The traditional question of whether a person is an employee or an independent contractor in Ireland, like in many jurisdictions, has been re-ignited by the rise of the so-called gig economy.  In the first major judgment in this jurisdiction on the gig economy, the Irish High Court held delivery drivers for a major pizza chain were employees and not self-employed contractors.

Before delving into the details and ramifications of the Irish High Court’s decision, it is important to understand that the law in Ireland does not recognise the UK concept of “worker” that has been key to the gig economy debate in the UK (more on the UK below).  In making the decision that the delivery drivers for the pizza company were employee, the high court made some key observations, including: 

  • Mutuality of obligation existed – this is where the employer is obliged to provide the employee with work and the employee is obliged to accept and perform the work;
  • Integration – the drivers were integrated into the business because they wore company uniforms, displayed company logos on their cars and even greeted customers as personnel of the company; and
  • Terms of contract – here, the reality of the relationship after analyzing the terms of the contract was the drivers could not be truly regarded as self-employed individuals.

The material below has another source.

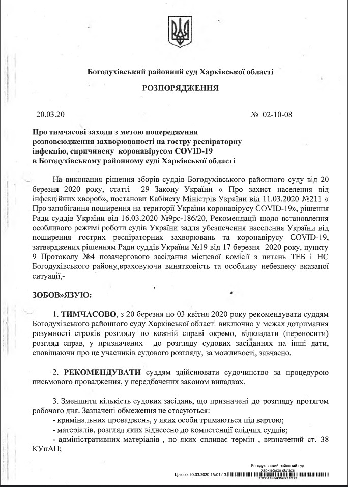 Про тимчасові заходи з метою попередження розповсюдження COVID-19

Deliveroo in Ireland has called on the Government to amend legislation to allow them to adapt its model and apply certain benefits for individuals without making them employees, in light of recent scrutiny following the death of a Deliveroo cyclist.  The tragedy highlighted the poor regulation and the lack of rights that those working in the gig economy currently have in Ireland.

Although not on the Government’s current legislative agenda, Irish case law is certainly one to watch and each employer operating in the gig economy must continue to ensure that their model is appropriately structured.  

The Gig Economy in the United Kingdom:  In the UK’s Employment Appeals Tribunal’s (“UK EAT”) decision Uber BV v Aslam and Others, the UK EAT held that Uber drivers were in fact “workers” – defined as self-employed, but provides services as part of someone else’s business – as opposed to self-employed contractors, which would entitle them to certain protections under UK employment law statutes, such as statutory annual leave, working time rights and national minimum wage.  An influential factor in the UK EAT’s finding was the level of control that Uber had over its drivers.  It found that the relationship, in reality, was very different to that reflected in the Uber drivers’ contracts.

Uber’s Chief Executive has previously argued for what he calls a “third way”, where drivers keep the flexibility of the self-employed model, while still receiving some benefits like holiday pay or sick leave.

Updates from the EU
:  Gig economy companies in Europe are under pressure to protect workers’ rights.  The chief executive of food delivery platform Just Eat has vowed to stop using gig workers in Europe, saying he wants to employ people who get benefits and have workplace security.

In Switzerland, it was ruled that Uber drivers were employees, and not independent contractors. Uber Eats was also ordered to stop using independent contractors in the Geneva area.

In 2018 in Denmark, an online platform for cleaning in private homes, Hilfr, formed a gig economy collective agreement with the largest Danish trade union. Hilfr co-founder Steffen Wegner Mortensen was quoted as saying that the agreement is “raising the bar for the gig economy and showing how we can all benefit from new technology without undermining labour rights and working conditions”.